Its the lowest it has been in 58 years. http://www.bankofcanada.ca/pdf/annual_page57_page58.pdf

Look at the Dec rate.
Still your guess is as good as min


----------



## ssimps (Dec 8, 2009)

As someone who has none, I hope so; it would help slow down the crazy increase in house prices; bubble bubble away.


----------



## Berubeland (Sep 6, 2009)

The government has said they will not raise rates. They will raise requirements instead.
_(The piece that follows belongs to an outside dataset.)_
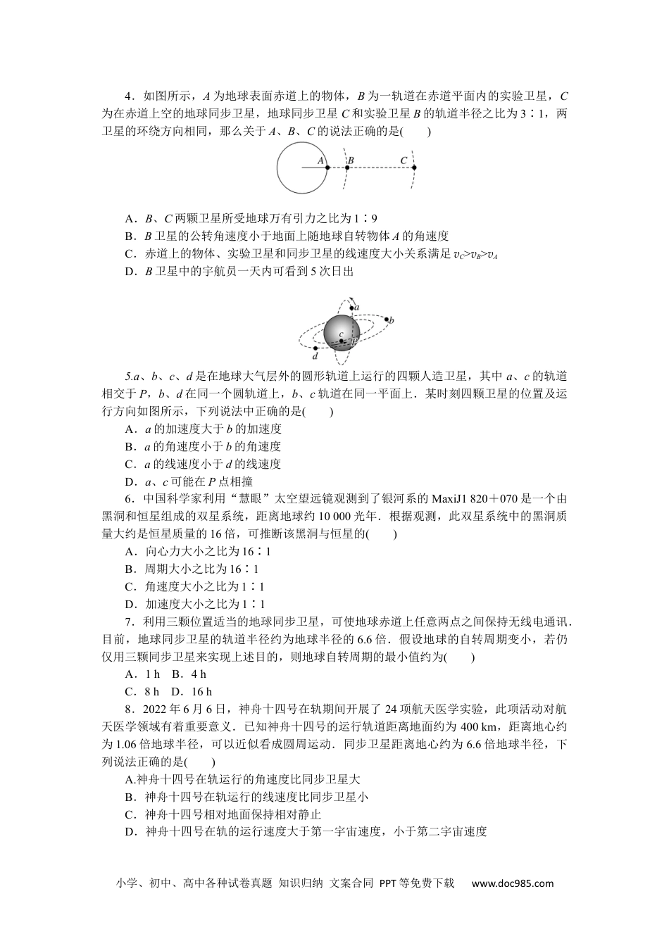 小学、初中、高中各种试卷真题知识归纳文案合同PPT等免费下载www.doc985.com课时素养评价11人造卫星宇宙速度A组合格性考试练1.月球表面处的重力加速度是地球表面处的重力加速度的,月球半径为地球半径的,则登月舱靠近月球表面的环绕速度与地球的第一宇宙速度之比为()A.B.C.D.2.北斗卫星导航系统是中国自行研制的全球卫星定位、通信与导航系统.北斗三号全球系统空间段由30颗组网卫星组成,包括MBO卫星(中圆轨道卫星)、GEO卫星(地球同步轨道卫星)和IGSO卫星(倾斜地球同步轨道卫星)三种不同类型的卫星.其中中圆轨道卫星运行在3个互成120°的轨道面上,离地高度约2.15×104km;地球同步轨道卫星运行在地球同步轨道,离地高度约3.6×104km;倾斜地球同步轨道卫星的轨道平面与赤道平面有一定的夹角,距地高度与地球同步轨道卫星相同,如图所示.假设所有北斗卫星均绕地球做匀速圆周运动.北斗三号GEO2是一颗地球同步轨道卫星,关于这颗卫星,以下说法正确的是()A.该卫星能定点在北京上空B.该卫星的运行周期约为24hC.该卫星绕地运行时处于平衡状态D.该卫星的运行速度大于第一宇宙速度3.如图所示,是在同一轨道平面上的三颗质量相同的人造地球卫星,均绕地球做匀速圆周运动.关于各物理量的关系,下列说法不正确的是()A.速度vA>vB>vCB.周期TA>TB>TCC.向心加速度aA>aB>aCD.角速度ωA>ωB>ωC小学、初中、高中各种试卷真题知识归纳文案合同PPT等免费下载www.doc985.com4.如图所示,A为地球表面赤道上的物体,B为一轨道在赤道平面内的实验卫星,C为在赤道上空的地球同步卫星,地球同步卫星C和实验卫星B的轨道半径之比为3∶1,两卫星的环绕方向相同,那么关于A、B、C的说法正确的是()A.B、C两颗卫星所受地球万有引力之比为1∶9B.B卫星的公转角速度小于地面上随地球自转物体A的角速度C.赤道上的物体、实验卫星和同步卫星的线速度大小关系满足vC>vB>vAD.B卫星中的宇航员一天内可看到5次日出5.a、b、c、d是在地球大气层外的圆形轨道上运行的四颗人造卫星,其中a、c的轨道相交于P,b、d在同一个圆轨道上,b、c轨道在同一平面上.某时刻四颗卫星的位置及运行方向如图所示,下列说法中正确的是()A.a的加速度大于b的加速度B.a的角速度小于b的角速度C.a的线速度小于d的线速度D.a、c可能在P点相撞6.中国科学家利用“慧眼”太空望远镜观测到了银河系的MaxiJ1820+070是一个由黑洞和恒星组成的双星系统,距离地球约10000光年.根据观测,此双星系统中的黑洞质量大约是恒星质量的16倍,可推断该黑洞与恒星的()A.向心力大小之比为16∶1B.周期大小之比为16∶1C.角速度大小之比为1∶1D.加速度大小之比为1∶17.利用三颗位置适当的地球同步卫星,可使地球赤道上任意两点之间保持无线电通讯.目前,地球同步卫星的轨道半径约为地球半径的6.6倍.假设地球的自转周期变小,若仍仅用三颗同步卫星来实现上述目的,则地球自转周期的最小值约为()A.1hB.4hC.8hD.16h8.2022年6月6日,神舟十四号在轨期间开展了24项航天医学实验,此项活动对航天医学领域有着重要意义.已知神舟十四号的运行轨道距离地面约为400km,距离地心约为1.06倍地球半径,可以近似看成圆周运动.同步卫星距离地心约为6.6倍地球半径,下列说法正确的是()A.神舟十四号在轨运行的角速度比同步卫星大B.神舟十四号在轨运行的线速度比同步卫星小C.神舟十四号相对地面保持相对静止D.神舟十四号在轨的运行速度大于第一宇宙速度,小于第二宇宙速度小学、初中、高中各种试卷真题知识归纳文案合同PPT等免费下载www.doc985.comB组选择性考试练9.如图所示,甲、乙是地球的两颗卫星的轨道,若两卫星一颗是月球、一颗是地球同步卫星,下列说法正确的是(已知月球公转周期为27.3d)()A.甲为月球轨道,乙为同步卫星轨道B.月球的向心加速度大于同步卫星的向心加速度C.在地面附近发射同步卫星的速度小于11.2km/sD.月球和同步卫星绕地球运行的线速度大小均大于7.9km/s10.(多选)已知火星的直径约是地球的一半,质量约为地球质量的,表面积相当于地球陆地面积,自转周期与地球十分接近,到太阳的距离约是日地距离的1.5倍.根据...

So either higher down payments or higher income/mortgage ratio.


----------



## HaroldCrump (Jun 10, 2009)

The reason govt. is not raising rates is because it'll strengthen the Canadian $.
Until the US Fed raises rates too, they don't wanna raise rates.
They also realize that the Canadian RE market is in bubble territory and raising rates is the only way to control it.
So they are talking about increasing minimum down payments, etc.


----------



## Rickson9 (Apr 9, 2009)

sagsal said:


> Any thoughts on whether these will go up soon?


Nobody knows.



sagsal said:


> Thanks


No problem.


----------



## dogcom (May 23, 2009)

Watch the long bond market and if people feel inflation is a threat down the line they will demand more compensation for the bonds they purchase. The central bank cannot ignore the bond market for long if it starts to get out of hand.


----------



## HaroldCrump (Jun 10, 2009)

dogcom said:


> Watch the long bond market and if people feel inflation is a threat down the line they will demand more compensation for the bonds they purchase. The central bank cannot ignore the bond market for long if it starts to get out of hand.
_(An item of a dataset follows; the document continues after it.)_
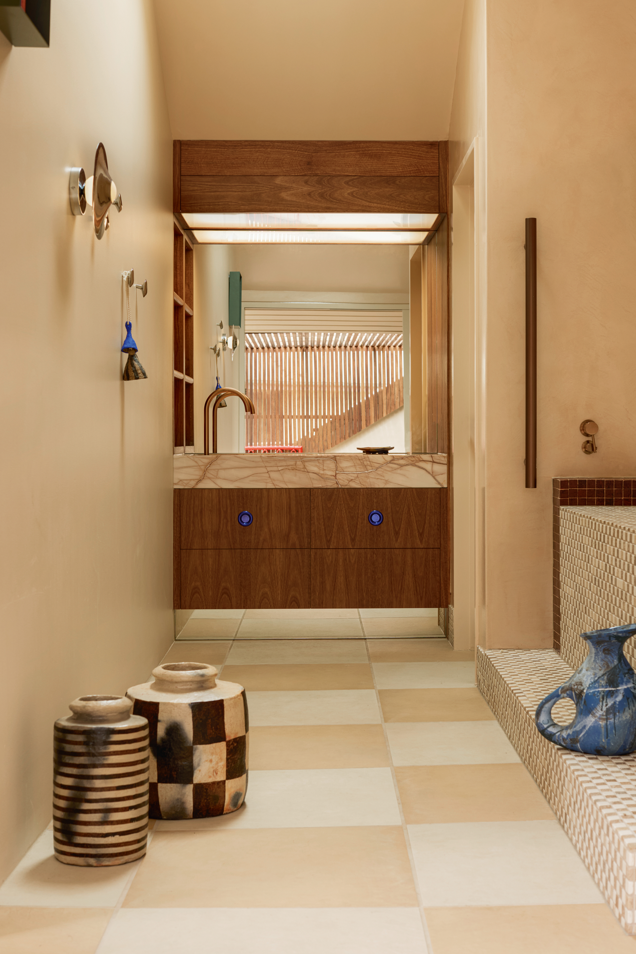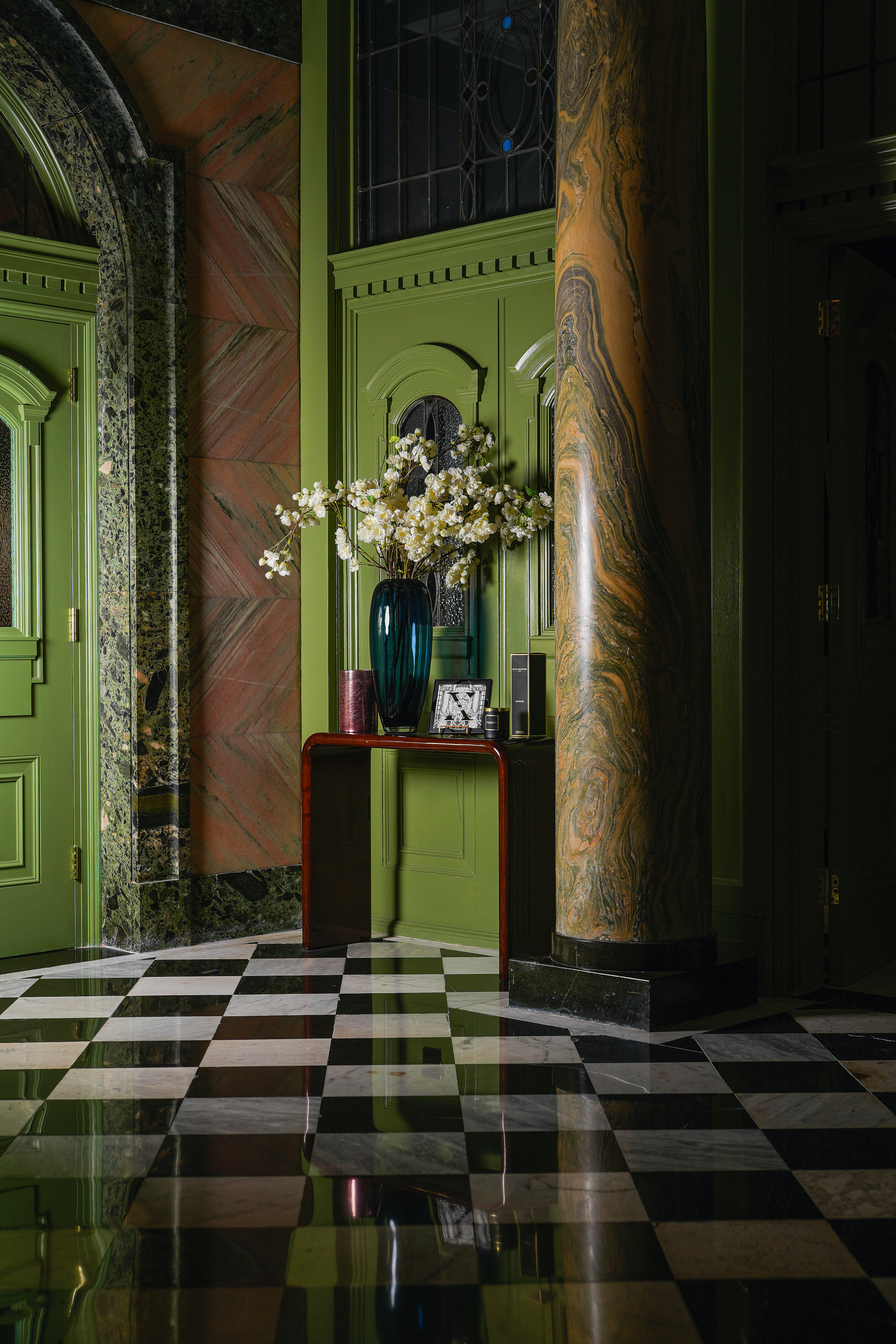 I'm rightly obsessed with everything 'drenching' right now, be it color, pattern, or tiles. Going head-to-toe with a hue, a print, or a material can imbue a space with a richness; a real sense of luxury, akin to a boutique hotel.
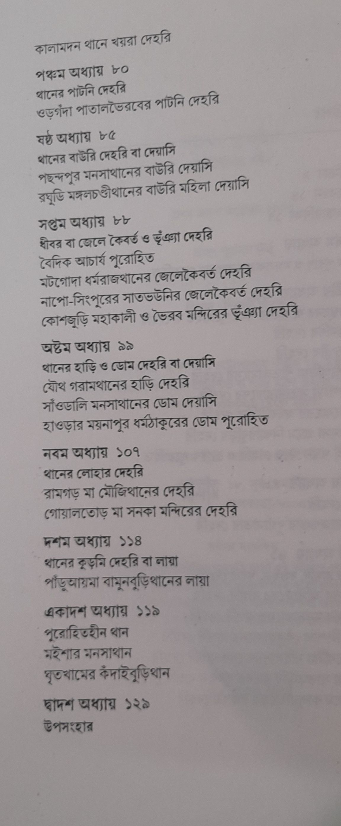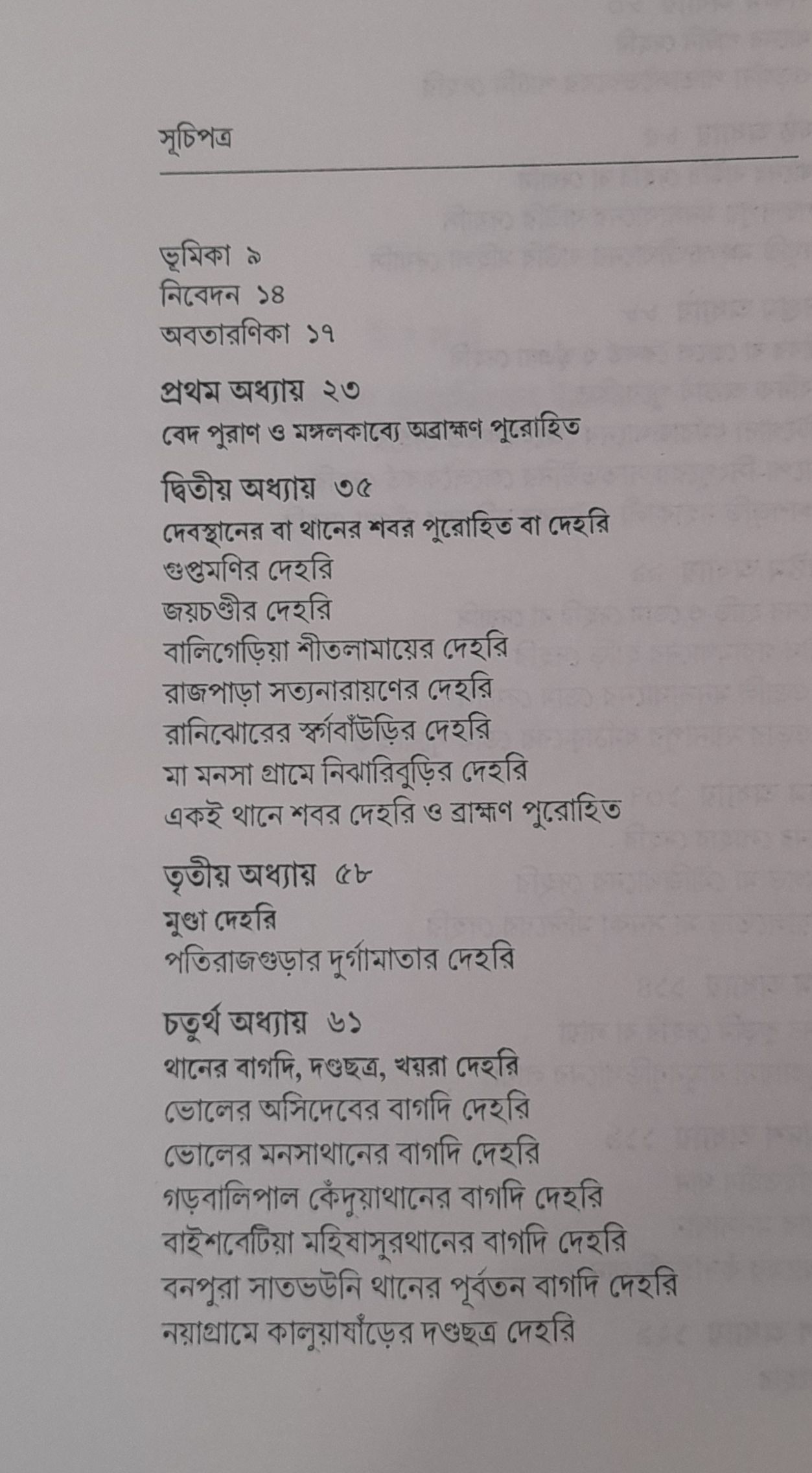 প্রচলিত ধারণা, দেবস্থানে পূজারি বা পুরোহিত হবেন ব্রাহ্মণ। কিন্তু এ বইয়ের লেখক রাঢ়বাঙলার বিভিন্ন স্থানে ঘুরে বেড়ানোর সময় লক্ষ করেছেন অধিকাংশ জনপ্রিয় দেবস্থান বা ঠাকুরথানে পূজারি হিসেবে নিযুক্ত রয়েছেন অব্রাহ্মণ পুরোহিত। কোথাও রয়েছেন লোধা-শবর পুরোহিত, কোথাও বাগদি, কোথাও বাউরি, কোথাও লোহার, কোথাও জেলেকৈবর্ত আবার কোনও থানে রয়েছেন কুড়মি পুরোহিত। কোনও থানে রয়েছেন একই সঙ্গে শবর ও ব্রাহ্মণ পূজারি। কোনও থানে পুরোহিতই নেই। ভক্তরাই সেখানে পুরোহিত।

Long bond yields don't seem to be factoring in large scale inflation.
The 10 year Canadas benchmark is yielding 3.6% and the Canadas 15 year is yielding 4.04%, and finally the Canadas 2033 is yielding 4.15% (source: CanadianFixedIncome.ca).
To me that doesn't look like high inflation is being expected.
What do you think?


----------



## dogcom (May 23, 2009)

At the moment I also do not see high inflation haroldcrump as the bond market is telling us. If however the economy looks to be picking up and the future looks bright then probably all bonds will yields will head up as the economy is seen as heating up. 

Of course the BOC will then move to raise rates and mortgage rates will head higher.


----------



## Shayne (Apr 3, 2009)

Almost a month has gone by and fixed rates are lower. The spread from prime on variable rate mortgages has also increased.


----------